Your goal:
Pictures stay out of your copy, but everything else in the records below must be repeated exactly.
Entries shown Start Marker
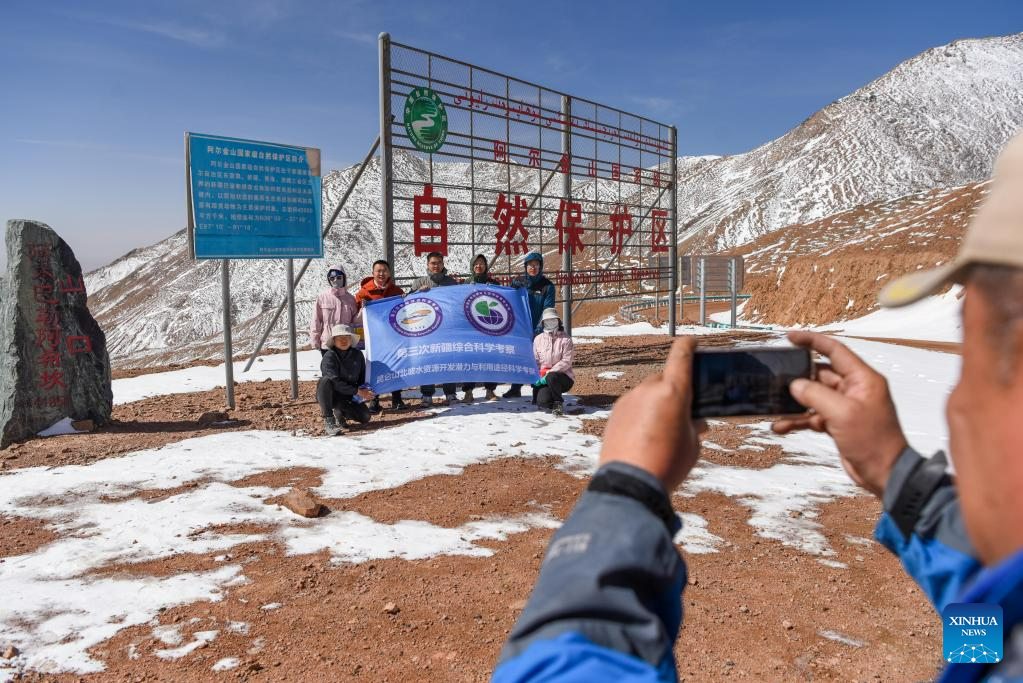 Researchers pose for a group photo at Altun Mountains National Nature Reserve in northwest China's Xinjiang Uygur Autonomous Region, May 23, 2023. Recently, researchers from the Xinjiang Institute of Ecology and Geography under the Chinese Academy of Sciences have launched a scientific expedition to investigate water resources on the northern slope of the Kunlun Mountains. (Xinhua/Ding Lei)
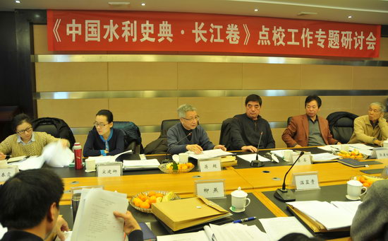 2012年12月21~22日,《中國水利史典 長江卷》點(diǎn)校工作專題研討會在武漢召開。《中國水利史典》專家委員會副主任蔡蕃、蔣超,編委會辦公室成員宋建娜、楊春霞,長江卷編纂辦公室主任別道玉、副主任鐘小珍,卷內(nèi)專家黎沛虹、王昭良、毛振培,湖北大學(xué)古籍研究所點(diǎn)校人員參加會議。
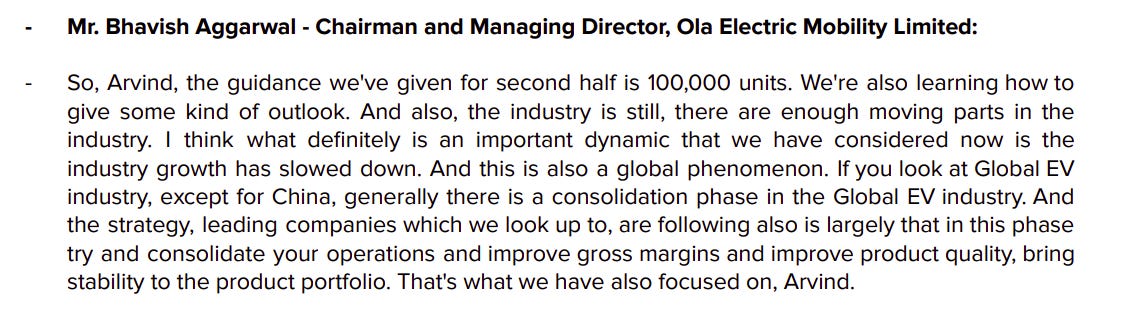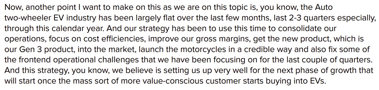 And there’s a missing piece here that the company didn’t highlight directly, but you can see when you compare it with competitor commentary. If Ather is growing 40–60% in multiple markets, and TVS and Bajaj are seeing multi-year highs across premium and scooter categories, then someone’s share is shifting. The simplest reading is also the most likely one: Ola didn’t just see a flat market. It saw its own share being chipped away by competitors who are growing into the space it once dominated. The “industry flatness” line hides that possibility, but doesn’t remove it.
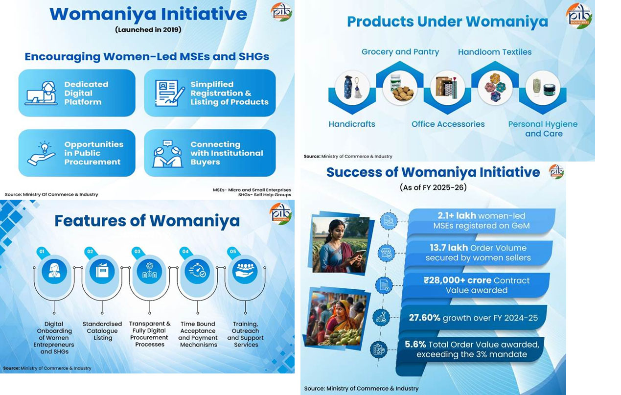 - The Womaniya initiative enables women entrepreneurs and SHGs to sell directly to Government buyers through the GeM platform.
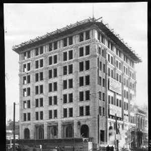 View of the new Capital National Bank under construction. The McGillivray Construction Company mounted its sign on the side of the building. Pillars can be seen on the ground floor along with more concrete on all seven floors.
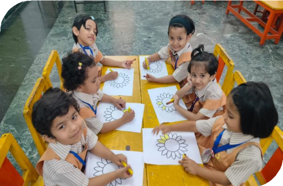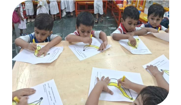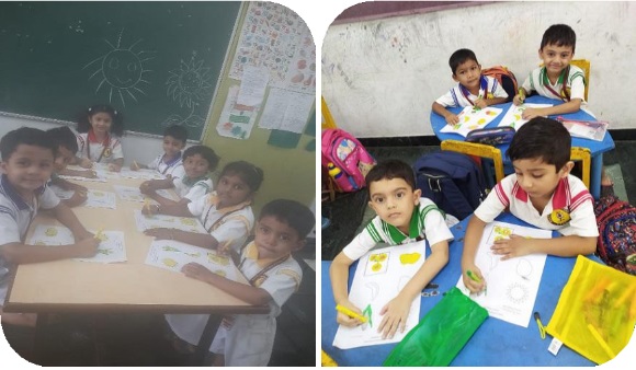 The recent celebration encompassed a variety of activities centred around colouring. The Sr.KG. students engaged in colouring images that included the sun, corn, sunflower, banana, mango, and lemon. Meanwhile, the Jr.KG students participated by colouring a large sunflower and a yellow t-shirt. In addition, our Nursery students enjoyed colouring a banana.
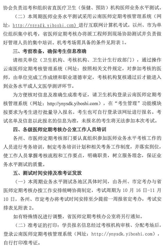 关于云南省第二周期医师定期考核业务水平测评不合格人员培训及考核的通知
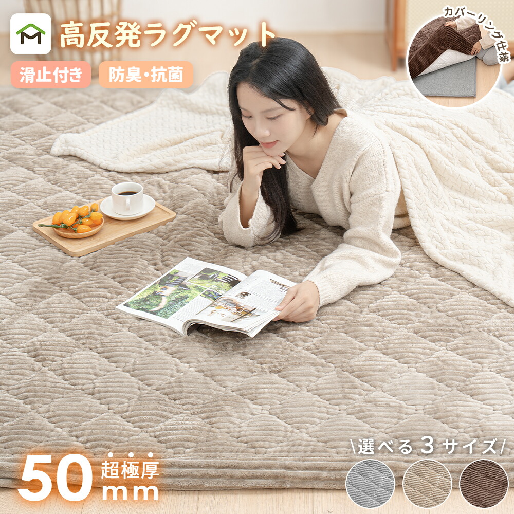 ラグマット 厚手 超極厚60mm/50mm ふわふわ 2畳 3畳 洗える カバーリング ストライプ フランネル キルトラグ 床暖房 ホットカーペット対応 こたつ 対応 防音 極厚 ラグマット カーペット 厚手 高反発 北欧 絨毯 送料無料
Entries shown End Marker
Response to this task:
 Researchers pose for a group photo at Altun Mountains National Nature Reserve in northwest China's Xinjiang Uygur Autonomous Region, May 23, 2023. Recently, researchers from the Xinjiang Institute of Ecology and Geography under the Chinese Academy of Sciences have launched a scientific expedition to investigate water resources on the northern slope of the Kunlun Mountains. (Xinhua/Ding Lei)
 2012年12月21~22日,《中國水利史典 長江卷》點(diǎn)校工作專題研討會在武漢召開。《中國水利史典》專家委員會副主任蔡蕃、蔣超,編委會辦公室成員宋建娜、楊春霞,長江卷編纂辦公室主任別道玉、副主任鐘小珍,卷內(nèi)專家黎沛虹、王昭良、毛振培,湖北大學(xué)古籍研究所點(diǎn)校人員參加會議。
 And there’s a missing piece here that the company didn’t highlight directly, but you can see when you compare it with competitor commentary. If Ather is growing 40–60% in multiple markets, and TVS and Bajaj are seeing multi-year highs across premium and scooter categories, then someone’s share is shifting. The simplest reading is also the most likely one: Ola didn’t just see a flat market. It saw its own share being chipped away by competitors who are growing into the space it once dominated. The “industry flatness” line hides that possibility, but doesn’t remove it.
 - The Womaniya initiative enables women entrepreneurs and SHGs to sell directly to Government buyers through the GeM platform.
 View of the new Capital National Bank under construction. The McGillivray Construction Company mounted its sign on the side of the building. Pillars can be seen on the ground floor along with more concrete on all seven floors.
 The recent celebration encompassed a variety of activities centred around colouring. The Sr.KG. students engaged in colouring images that included the sun, corn, sunflower, banana, mango, and lemon. Meanwhile, the Jr.KG students participated by colouring a large sunflower and a yellow t-shirt. In addition, our Nursery students enjoyed colouring a banana.
 关于云南省第二周期医师定期考核业务水平测评不合格人员培训及考核的通知
 ラグマット 厚手 超極厚60mm/50mm ふわふわ 2畳 3畳 洗える カバーリング ストライプ フランネル キルトラグ 床暖房 ホットカーペット対応 こたつ 対応 防音 極厚 ラグマット カーペット 厚手 高反発 北欧 絨毯 送料無料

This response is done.